All systems are backed up periodically as described in the ECS Backup and Recovery Policy. Physical access to backups is restricted by access control and password security. Physical access to off-site storage is restricted by access control.
Decision-Making Process - During an Incident or Disaster
In the case of an attack or emergency, the Recovery Manager or designated staff will:
- Report the attack to the University IT Security Officer.
- Block or prevent escalation of the problem, if possible.
- Preserve evidence, where appropriate.
- Change affected account passwords as necessary.
- Change the status of accounts as necessary.
- Stop the service, if necessary.
The ECS director shall be the Recovery Manager, who is the primary person expected to carry out the following basic roles after a disaster situation has been declared by the designated authority. The secondary person shall be the first available first responder from the sysadmin group.
The Recovery Manager will direct coordination, restoration, and communication activities. This manager makes command decisions as related to the disaster within the scope of the area, and is essentially in charge of the disaster recovery. S/he works with other staff and/or outside vendors to restore computers, or other technical systems, to a functionality needed for the area to operate, at a minimum, its critical services. S/he also handles communication with departmental staff and outside entities.
Equipment and Data Protection
Servers and storage devices are configured to automatically switch to another server or storage devices in the case of failure. If the disaster is caused by water, the designated staff will verify that the operations of the affected server or storage device have automatically moved to other equipment.
Data are protected by the security protections and back up policy described in the “Prevention” section above.
The Recovery Manager or designate should evaluate damage to the computing equipment, structure, electrical system, air conditioning, and building network. One part of a damage assessment is specifying what equipment must be replaced and in what order replacements will be done. Estimates of repair time should include ordering, shipping, installation, and testing time. After the assessment, the Recovery Manager should estimate and communicate when computing functions are likely to return to normal.
The Recovery Manager is responsible for evaluating the necessity of purchasing replacement equipment. The Purchasing Department at the UI will determine the best source for the quick acquisition of hardware and other equipment.
The servers and data storage devices are configured to automatically recover from errors.
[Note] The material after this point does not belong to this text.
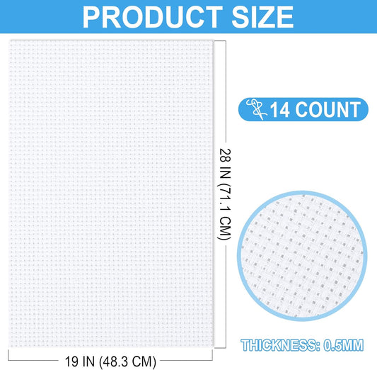 Cross Stitch Fabric 14 Count Aida Cloth 28 x 19 Inch Large Size Classic Reserve Cross Stitch Supplies Embroidery Fabric for Home DIY Craft Decoration Handmade, White

Should manual intervention be required, the process is known by several from the sysadmin staff and documentation is kept in the Server Room Operations Manual.
These documents include information on servers, storage devices, software, customers and services, and operating information relevant to the Engineering Computer Network.
Server Room Operations Manual
Backup and Recovery Policy (to be reviewed)
* Disaster recovery site in ERF does not have a diesel generator.